Both the mortgage banking industry and U.S. Department of Housing and Urban Development (HUD) are making new efforts to attack various aspects of racial bias in housing. The Mortgage Bankers Association of America (MBAA) is sponsoring research designed to improve access to home loans for minorities and low-income people, while HUD recently announced it would identify discrimination in the selling and renting of houses and apartments.

"We need to be armed with the knowledge to deliver housing and mortgage credit to families and individuals who have been locked out of the American dream," Donald Lange, President of MBAA said in announcing the new Research Institute for Housing America. "It's not only good public policy, it's good business." Sponsored by MBAA, the new institute will work with academic experts, regulators, consumer and community groups, and the mortgage banking industry to pursue research and solutions on fair lending.

In a separate government effort, HUD will commission a 7.5 million-dollar study that will look at patterns of discrimination in the selling and renting of houses and apartments. "We have a lot of anecdotes and complaints but we do not have a good sense of the institutional discrimination that exists," said Housing Secretary Andrew Cuomo.
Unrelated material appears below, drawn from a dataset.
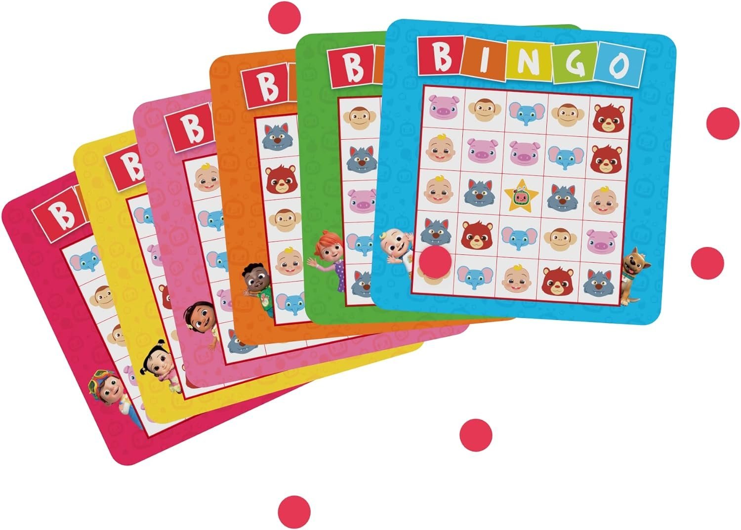 Enjoy this classic game with all your Cocomelon friends! Roll the oversized dice and mark your cards until you get a horizontal, vertical, or diagonal line. Don’t forget that free space! Roll a Wild Watermelon and place a token on any space in the corresponding letter’s column! The first player to get five squares in a row sings B-I-N-G-O to let everyone know they’ve won! Includes 6 Bingo Cards, 2 BIG Dice (1 with B, I, N, G, O, and Wild Space; 1 with Animals), 60 Tokens, and Complete Instructions. Recommended for 2-6 players, ages 4 and up.

Investigators from a wide range of racial and ethnic groups will pose as prospective buyers or renters in the HUD study. They will contact real estate brokers, landlords, and mortgage lenders, and report back on the reception they get. The survey will cover all regions of the country, including communities of varying populations in urban, suburban and rural areas. Cuomo cited recent statistics on home ownership as evidence that disparity is a serious problem. Home ownership is at 72.5 percent for whites compared with 45 percent for blacks and 44 percent for hispanics.

A national coalition of community groups recently released a study of its own showing that minorities were rejected for home mortgages at a higher rate than white applicants from 1995 through 1997, even as low interest rates and a healthy economy were increasing the number of first-time home buyers overall.